While Morukov spends most of his time unloading supplies from the Progress, Mastracchio will be in charge of unloading 2 tons of equipment from the SPACEHAB module, including medical equipment for the ISS' Crew Health Care System, or CheCS, which will serve as the heart of the station's clinic for orbiting crews, and a treadmill device and bicycle ergometer which will serve as the first exercise gear for crews on board the ISS. Associated hardware for the treadmill which will prevent its use from disturbing sensitive microgravity experiments, will be installed by the crew members near the end of their stay on board.

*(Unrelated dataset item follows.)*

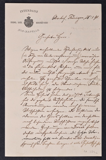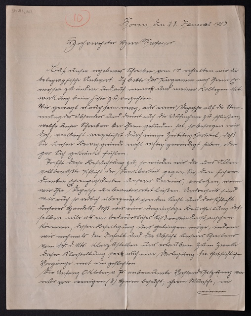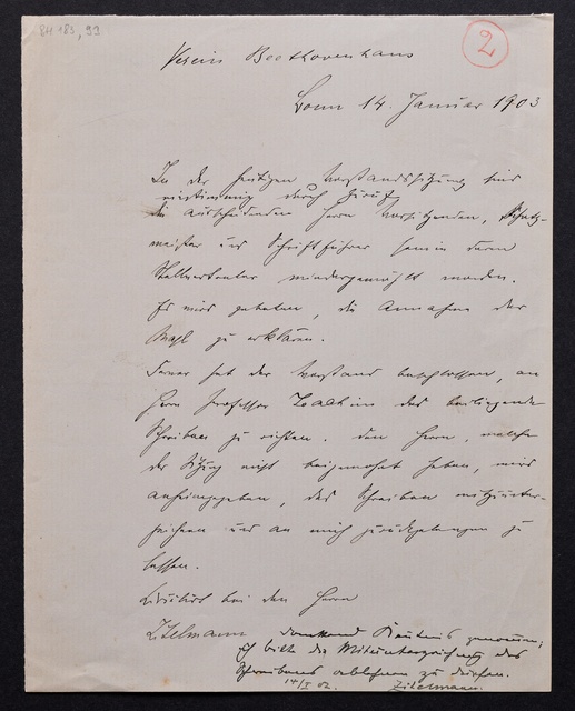 Joseph Joachim, Brief an ein Mitglied des Vorstands des Vereins Beethoven-Haus mit Geheimratstitel in Bonn, Berlin, 31. Januar 1905, Diktat

On the tenth day of the flight, Atlantis will undock from the ISS and Altman will conduct a flyaround of the newly expanded station to enable his crew mates to conduct photo documentation of the outpost.

Two days later, Wilcutt will fly Atlantis to a predawn landing at the Kennedy Space Center. setting the stage a few days later for the launch of a second Russian Progress ship to the Station and a plethora of Shuttle assembly flights to turn the complex into a working research facility.